_GIVEN INFORMATION:_
******

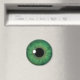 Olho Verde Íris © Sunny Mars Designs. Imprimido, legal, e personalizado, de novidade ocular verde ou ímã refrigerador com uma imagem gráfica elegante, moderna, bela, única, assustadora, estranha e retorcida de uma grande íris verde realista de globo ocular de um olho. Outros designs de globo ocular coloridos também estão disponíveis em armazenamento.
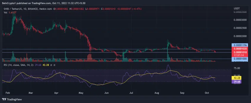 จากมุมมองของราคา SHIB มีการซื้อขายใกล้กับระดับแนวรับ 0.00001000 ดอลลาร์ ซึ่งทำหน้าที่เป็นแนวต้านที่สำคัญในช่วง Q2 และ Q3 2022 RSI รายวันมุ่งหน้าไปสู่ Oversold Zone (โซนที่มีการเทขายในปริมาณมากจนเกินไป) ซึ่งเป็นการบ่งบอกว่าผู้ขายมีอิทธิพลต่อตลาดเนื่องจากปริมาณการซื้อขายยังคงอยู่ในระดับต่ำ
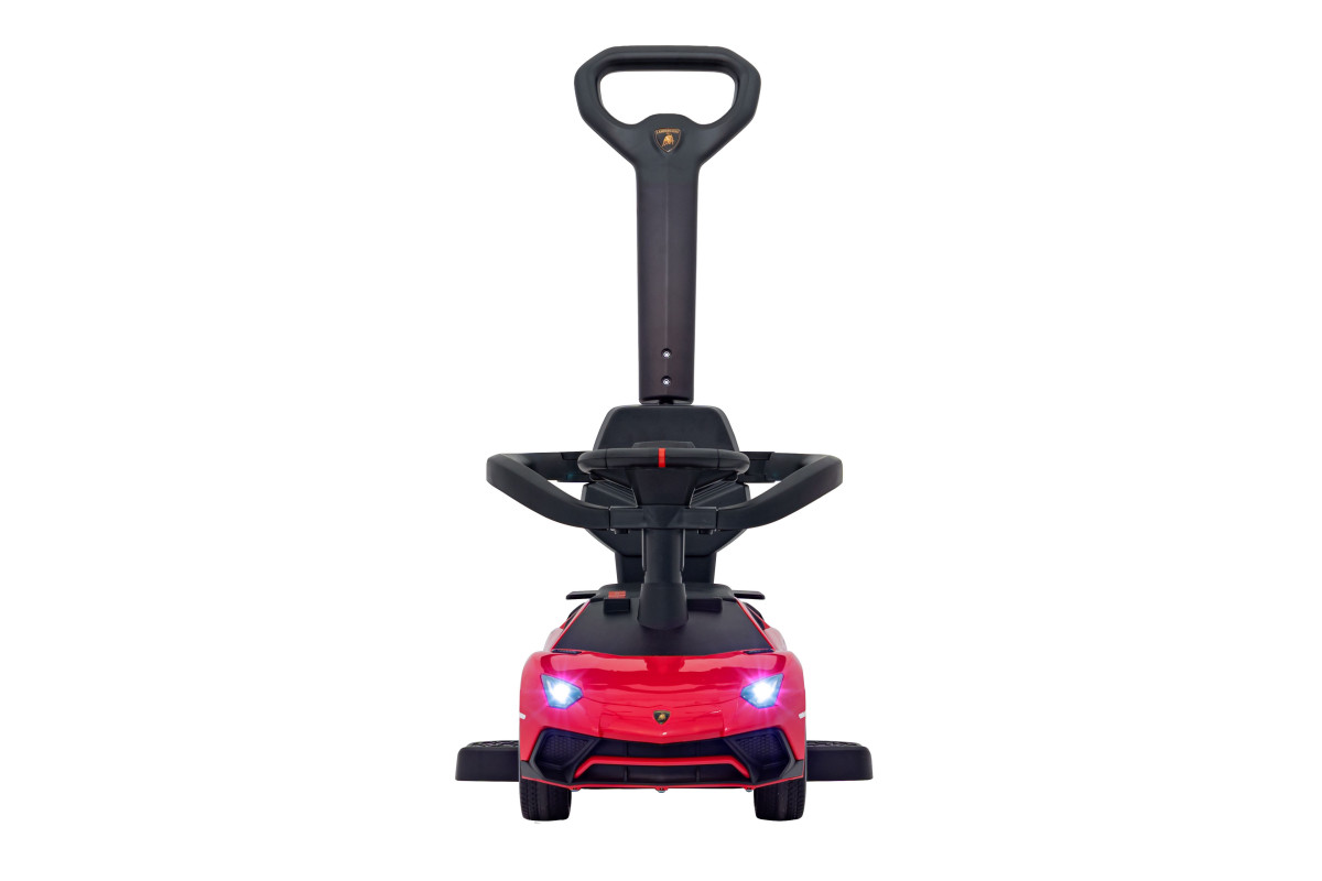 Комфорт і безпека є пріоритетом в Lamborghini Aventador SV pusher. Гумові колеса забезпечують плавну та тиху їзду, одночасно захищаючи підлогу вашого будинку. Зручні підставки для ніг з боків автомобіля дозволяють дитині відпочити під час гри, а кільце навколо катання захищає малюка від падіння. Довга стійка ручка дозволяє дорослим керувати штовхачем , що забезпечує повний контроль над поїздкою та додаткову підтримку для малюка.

******

Put down exactly the lines of the data above that run from its first line through the line bearing "จากมุมมองของราคา SHIB มีการซื้อขายใกล้กับระดับแนวรับ", and no pictures.

 Olho Verde Íris © Sunny Mars Designs. Imprimido, legal, e personalizado, de novidade ocular verde ou ímã refrigerador com uma imagem gráfica elegante, moderna, bela, única, assustadora, estranha e retorcida de uma grande íris verde realista de globo ocular de um olho. Outros designs de globo ocular coloridos também estão disponíveis em armazenamento.
 จากมุมมองของราคา SHIB มีการซื้อขายใกล้กับระดับแนวรับ 0.00001000 ดอลลาร์ ซึ่งทำหน้าที่เป็นแนวต้านที่สำคัญในช่วง Q2 และ Q3 2022 RSI รายวันมุ่งหน้าไปสู่ Oversold Zone (โซนที่มีการเทขายในปริมาณมากจนเกินไป) ซึ่งเป็นการบ่งบอกว่าผู้ขายมีอิทธิพลต่อตลาดเนื่องจากปริมาณการซื้อขายยังคงอยู่ในระดับต่ำ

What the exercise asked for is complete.